* Provided data *
══════════════════════════════
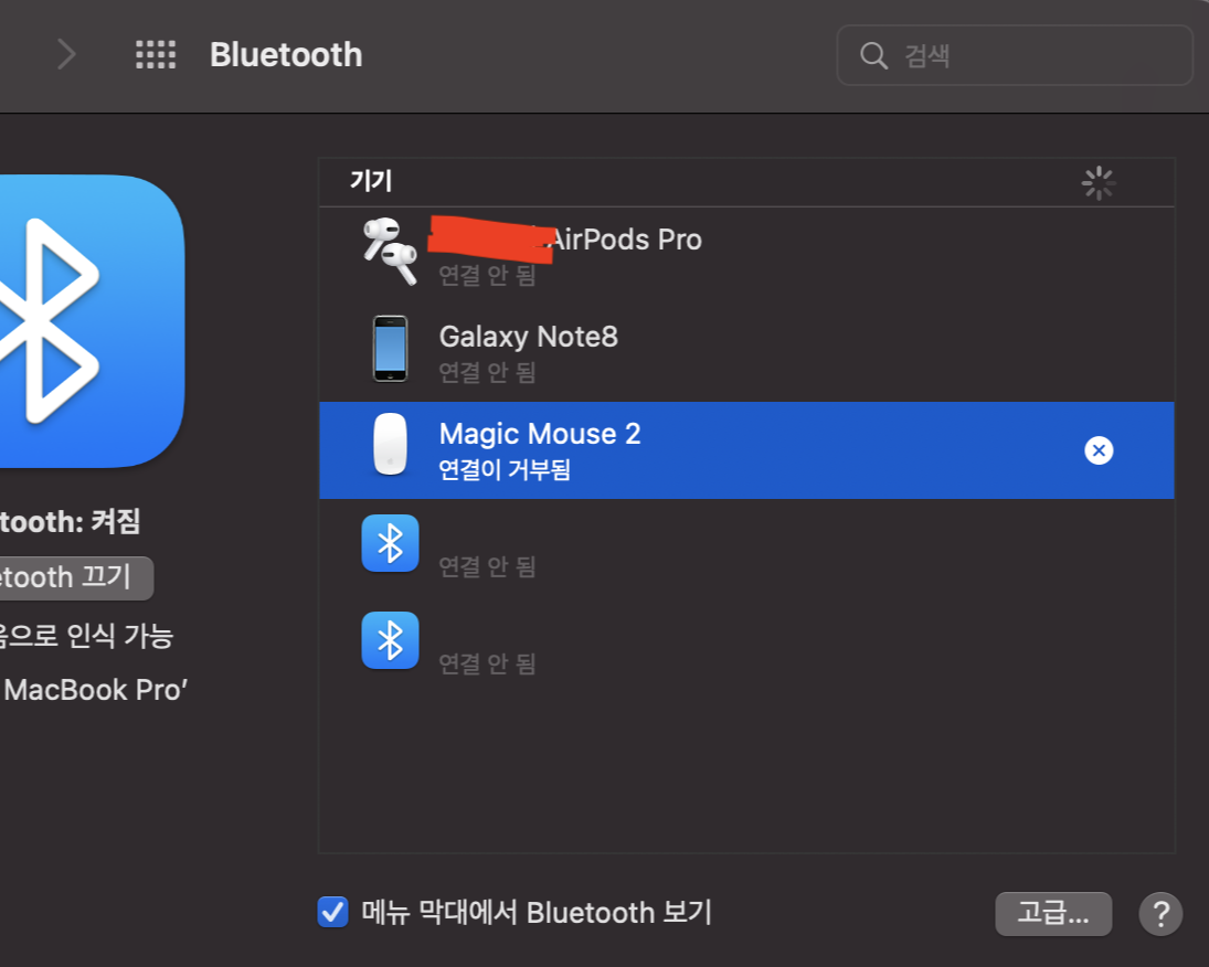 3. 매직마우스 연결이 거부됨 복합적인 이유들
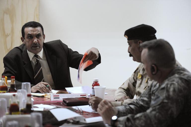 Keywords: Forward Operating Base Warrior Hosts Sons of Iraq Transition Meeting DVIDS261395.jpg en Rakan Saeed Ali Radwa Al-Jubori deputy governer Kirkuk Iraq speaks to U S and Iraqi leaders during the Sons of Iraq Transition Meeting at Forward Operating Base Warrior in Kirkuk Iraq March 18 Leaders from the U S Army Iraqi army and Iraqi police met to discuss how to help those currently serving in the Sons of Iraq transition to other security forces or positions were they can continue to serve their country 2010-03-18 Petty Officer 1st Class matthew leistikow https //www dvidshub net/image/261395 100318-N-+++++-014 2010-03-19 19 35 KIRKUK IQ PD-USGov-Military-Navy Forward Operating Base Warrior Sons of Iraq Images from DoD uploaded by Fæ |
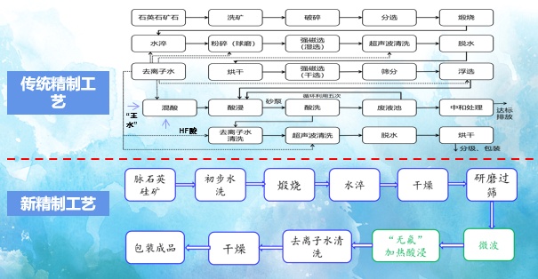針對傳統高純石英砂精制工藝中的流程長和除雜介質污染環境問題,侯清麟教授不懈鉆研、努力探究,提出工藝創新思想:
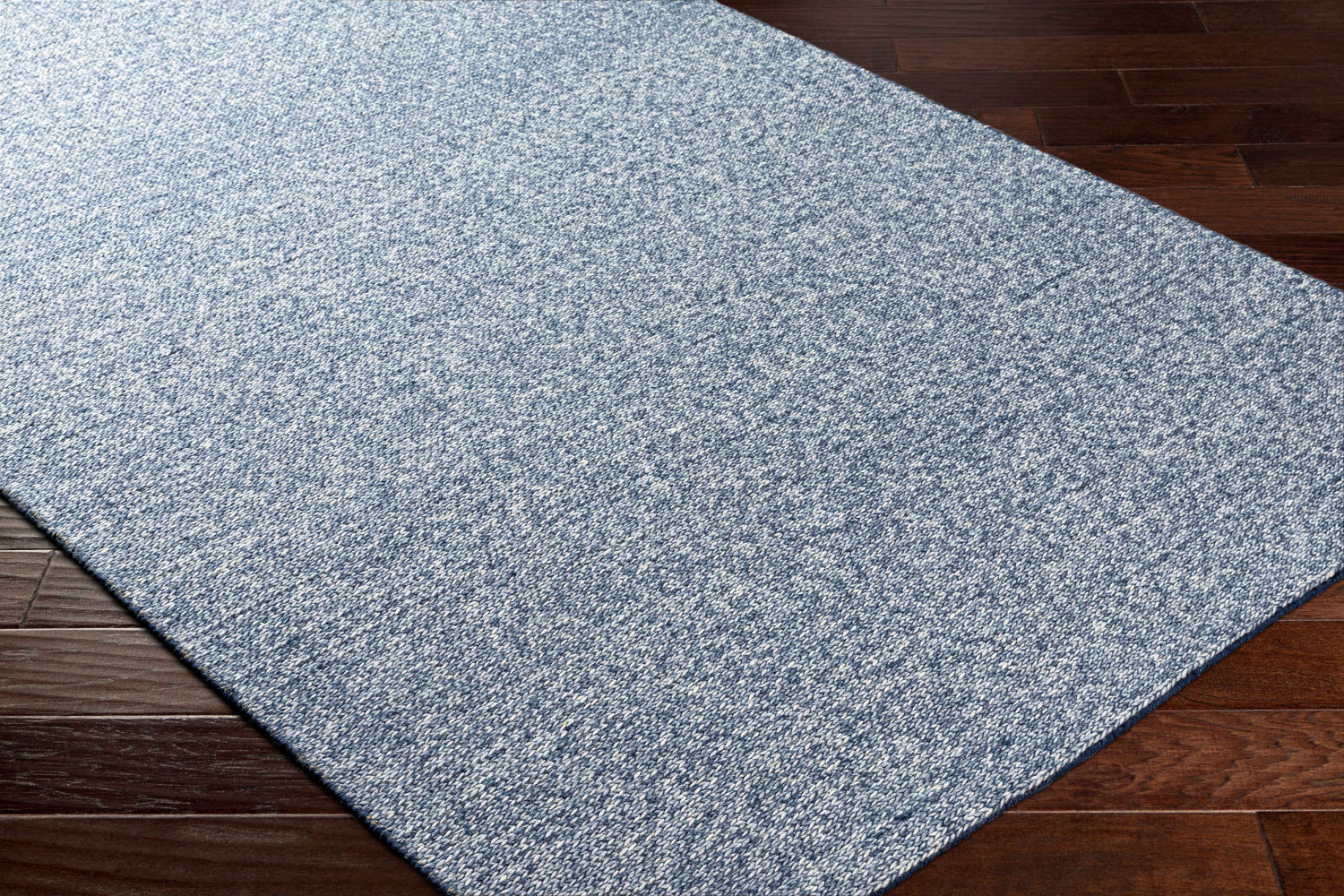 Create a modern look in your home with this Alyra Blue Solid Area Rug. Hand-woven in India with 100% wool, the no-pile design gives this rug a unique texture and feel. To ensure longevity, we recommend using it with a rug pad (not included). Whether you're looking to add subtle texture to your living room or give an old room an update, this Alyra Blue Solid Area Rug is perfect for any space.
══════════════════════════════
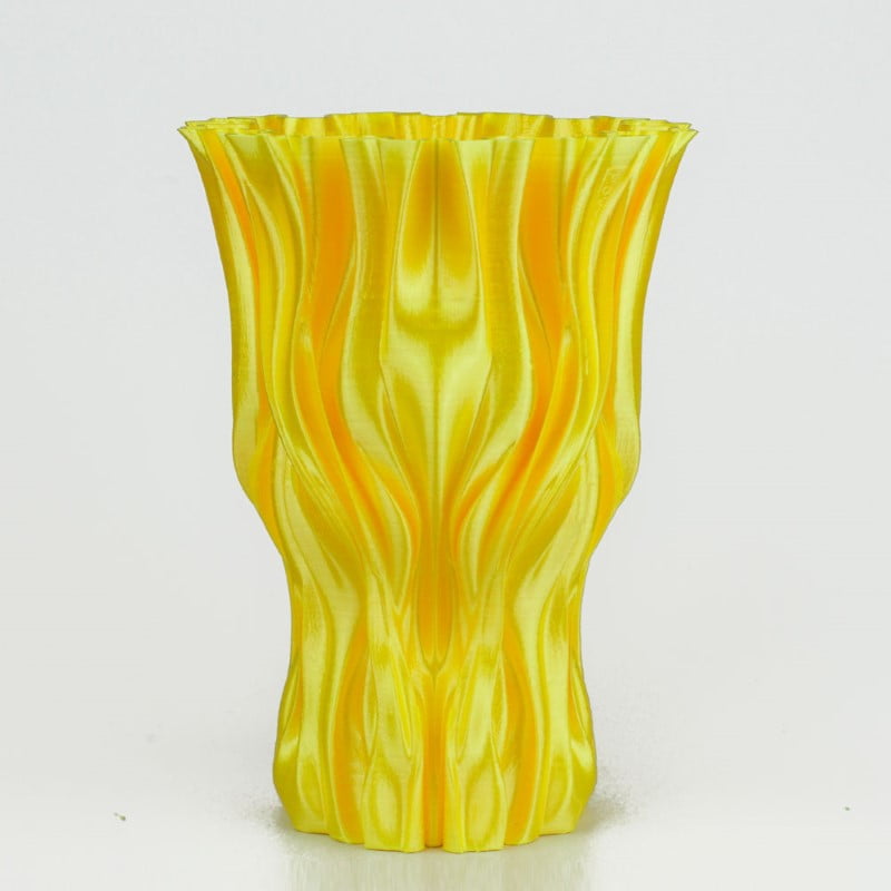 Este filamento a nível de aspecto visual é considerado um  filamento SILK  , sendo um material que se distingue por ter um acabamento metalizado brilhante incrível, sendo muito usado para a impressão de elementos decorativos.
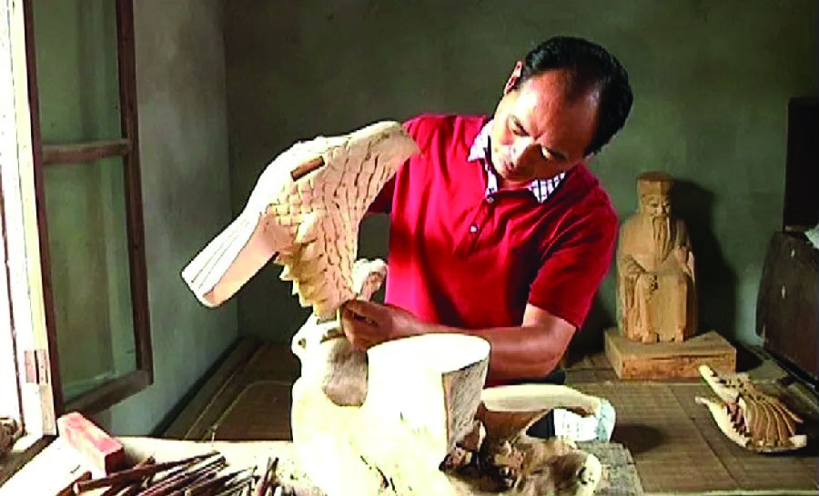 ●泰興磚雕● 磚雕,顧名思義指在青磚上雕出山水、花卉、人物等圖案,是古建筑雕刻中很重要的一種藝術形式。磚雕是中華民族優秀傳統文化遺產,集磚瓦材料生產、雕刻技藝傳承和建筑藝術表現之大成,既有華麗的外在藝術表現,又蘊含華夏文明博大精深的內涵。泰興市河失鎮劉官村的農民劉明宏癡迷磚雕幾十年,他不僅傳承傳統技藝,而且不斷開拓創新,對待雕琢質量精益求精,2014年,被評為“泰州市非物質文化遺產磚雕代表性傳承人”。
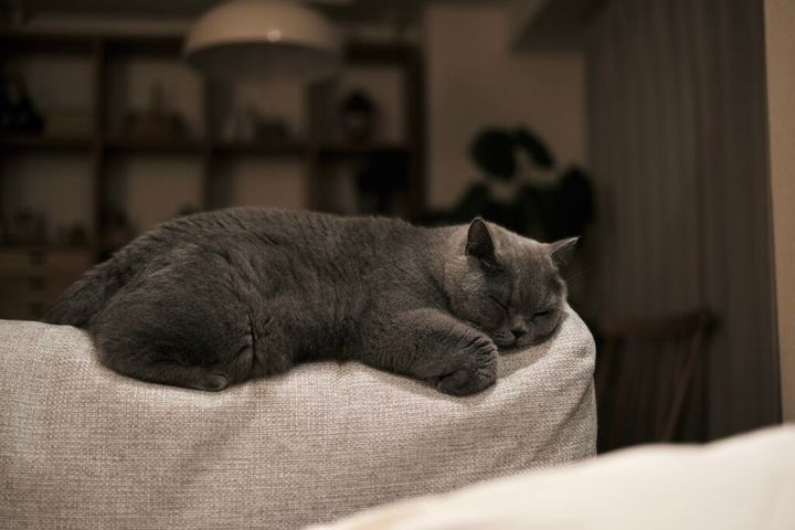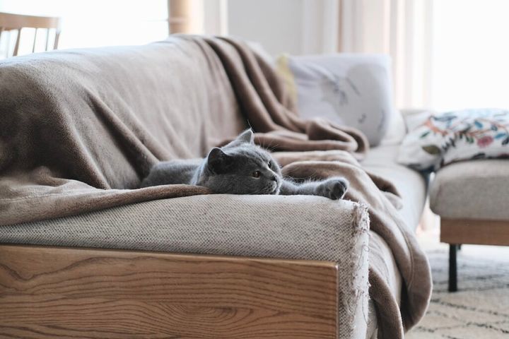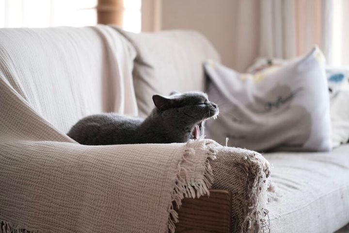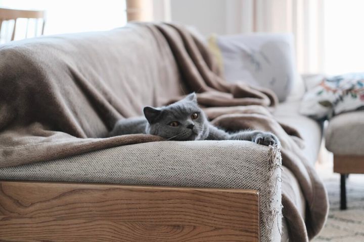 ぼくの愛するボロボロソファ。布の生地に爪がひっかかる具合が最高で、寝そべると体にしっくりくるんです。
══════════════════════════════
* Work task *
Restate word for word the lines of the data above that begin at the line with "3. 매직마우스 연결이 거부됨 복합적인 이유들" and end at the line with "針對傳統高純石英砂精制工藝中", keeping both ends and dropping every picture.

* Solution below *
 3. 매직마우스 연결이 거부됨 복합적인 이유들
 Keywords: Forward Operating Base Warrior Hosts Sons of Iraq Transition Meeting DVIDS261395.jpg en Rakan Saeed Ali Radwa Al-Jubori deputy governer Kirkuk Iraq speaks to U S and Iraqi leaders during the Sons of Iraq Transition Meeting at Forward Operating Base Warrior in Kirkuk Iraq March 18 Leaders from the U S Army Iraqi army and Iraqi police met to discuss how to help those currently serving in the Sons of Iraq transition to other security forces or positions were they can continue to serve their country 2010-03-18 Petty Officer 1st Class matthew leistikow https //www dvidshub net/image/261395 100318-N-+++++-014 2010-03-19 19 35 KIRKUK IQ PD-USGov-Military-Navy Forward Operating Base Warrior Sons of Iraq Images from DoD uploaded by Fæ |
針對傳統高純石英砂精制工藝中的流程長和除雜介質污染環境問題,侯清麟教授不懈鉆研、努力探究,提出工藝創新思想:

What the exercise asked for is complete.